暖房・給湯システムをどういうタイミングで、どのようにメンテナンスするについて、基本的なことをまとめました。詳しくはお引き渡し時にまとめてお渡ししている商品の取扱説明書をご確認ください。

灯油ボイラーは、灯油を霧状に噴霧するガス化バーナーによって燃焼しますが、メンテナンスをしないとバーナー部分が目詰まりを起こし、不完全燃焼や燃焼不良の原因となります。分解掃除は3年に1回程度、状況に応じて専門業者にお願いしましょう。点火プラグも一定期間経過すると発火しなくなることがあります。2~3年をメドにチェックしましょう。

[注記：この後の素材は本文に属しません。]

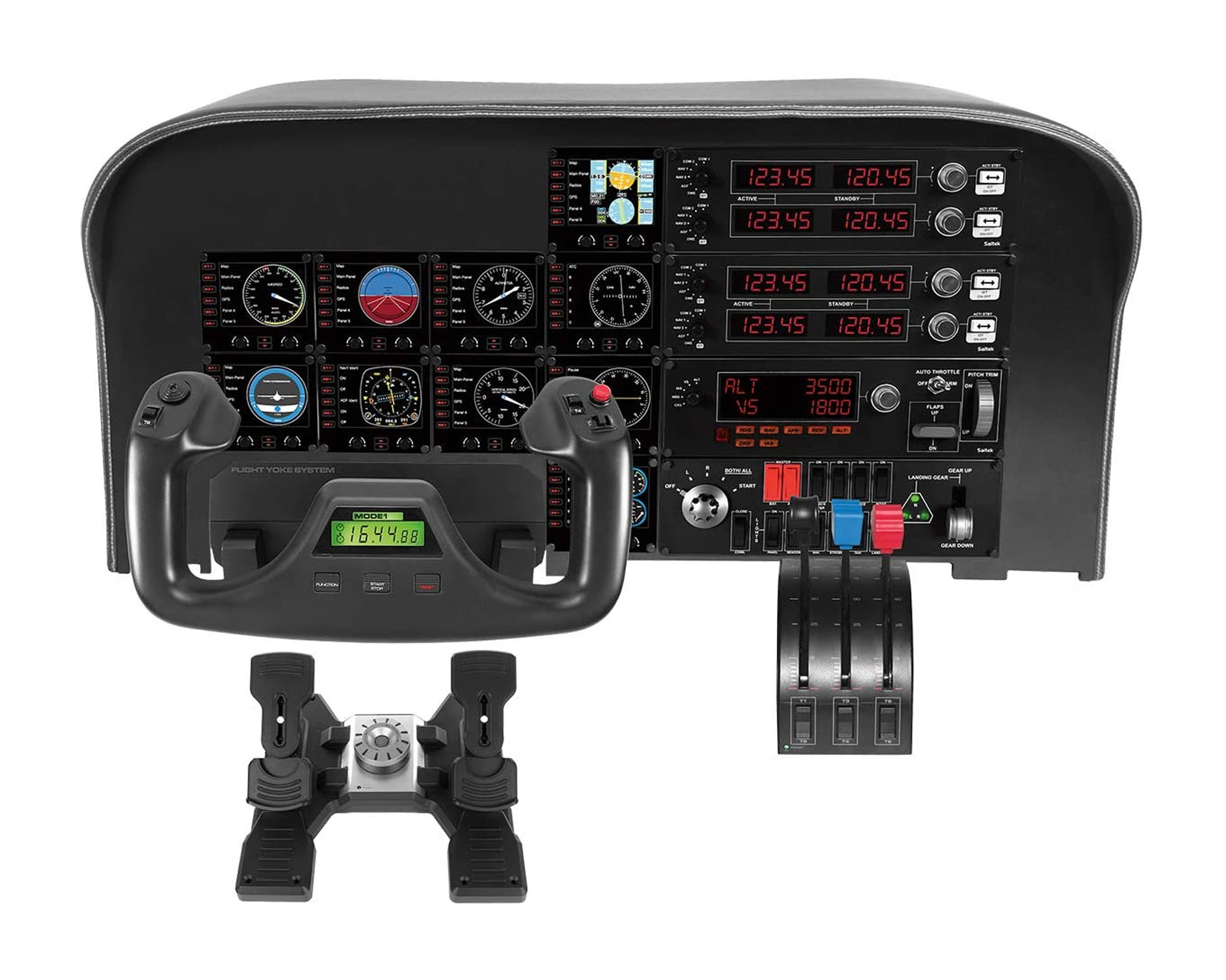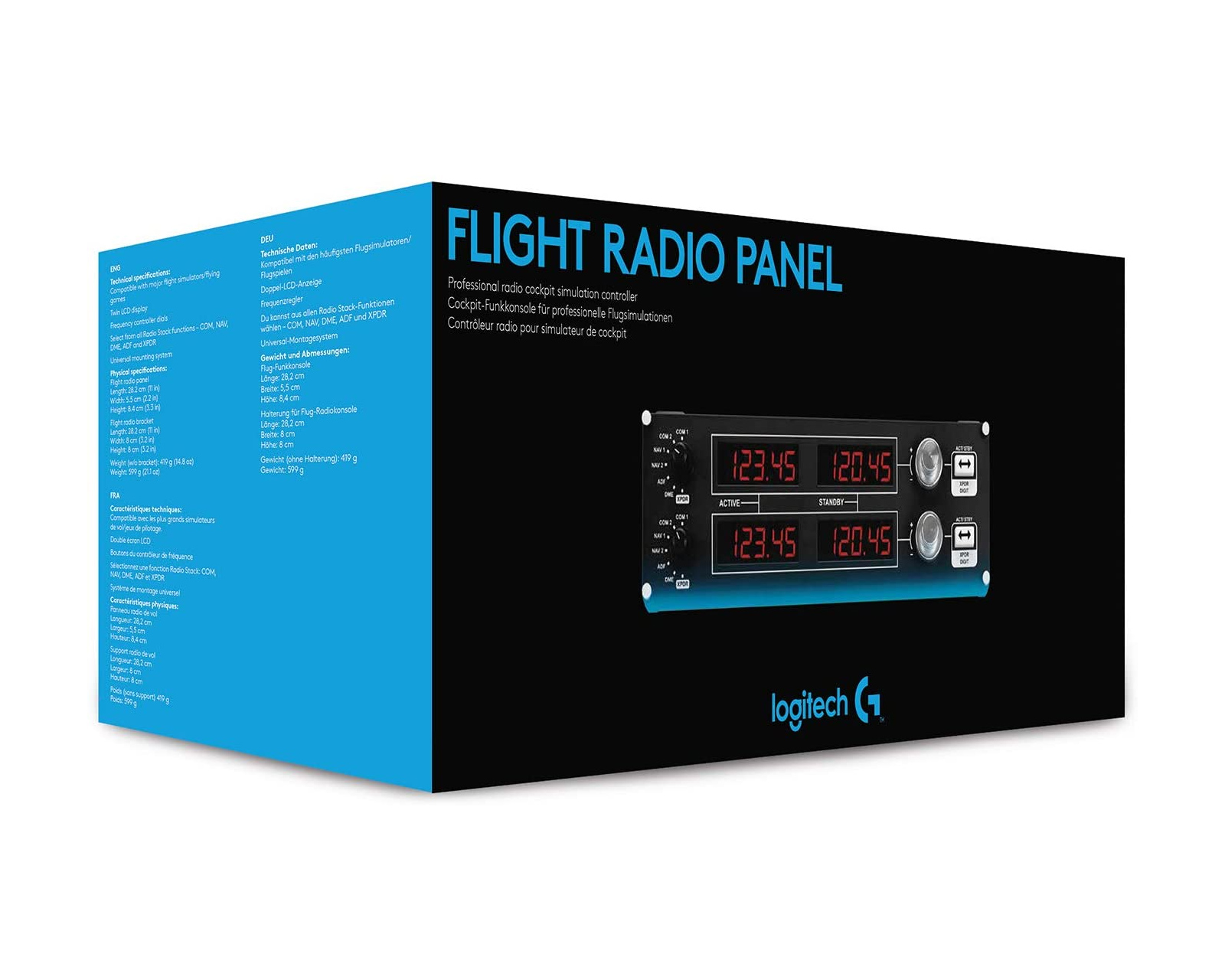Flyradiopanelen har fire indikatorskærme med kontroller til forskellige kommunikations- og navigationsfunktioner. Aldrig mere klodset betjening på skærmen for COM1/2, NAV1/2, DME, ADF og XPDR. Hver skærm fungerer i realtid med FSX, X-Plane og Prepar3D. En eller flere radiopaneler integreres nemt med flysimulatorcockpiten i dit hjemmeudstyr.

また、ボイラーの排気管の外の高さが低い位置にある場合は、冬期間は雪に埋もれていないか、降雪時には注意します。

機器のメンテナンスは、取付工事をした設備店に定期的にお願いするのが一般的です。拓友建設の場合は、引き渡し時にお渡しした「工事関係連絡表」にある暖房業者の欄を見てご連絡をお願いします。

温水暖房用に使われる不凍液は、密封された配管の中を通っていますが、時間が経つとそこから漏れて内装材や床、漏れたパイプ周辺を汚すことがあります。たとえば圧力計を見て、圧力が通常より低下している場合は、不凍液が漏れている可能性があります。

また、管の中に何らかの原因で空気が入ると温水を循環することができなくなります。パネルヒーター内で「コンコン」とお湯が流れる音がするときは、空気がどこからか入っている場合が多いので、専門業者に連絡して直してもらいましょう。

まとめると、機器本体も不凍液も、3~4年に1回はチェックしてもらった方が良いでしょう。車の車検と同じようなものだと考えて下さい。そのことで安心して暖房システムを使い続けることができます。

また、灯油ボイラーやエコジョーズは燃焼機器ですので、経年劣化によって10年以降は交換の検討時期に入ります。

長期使用製品安全点検制度とは?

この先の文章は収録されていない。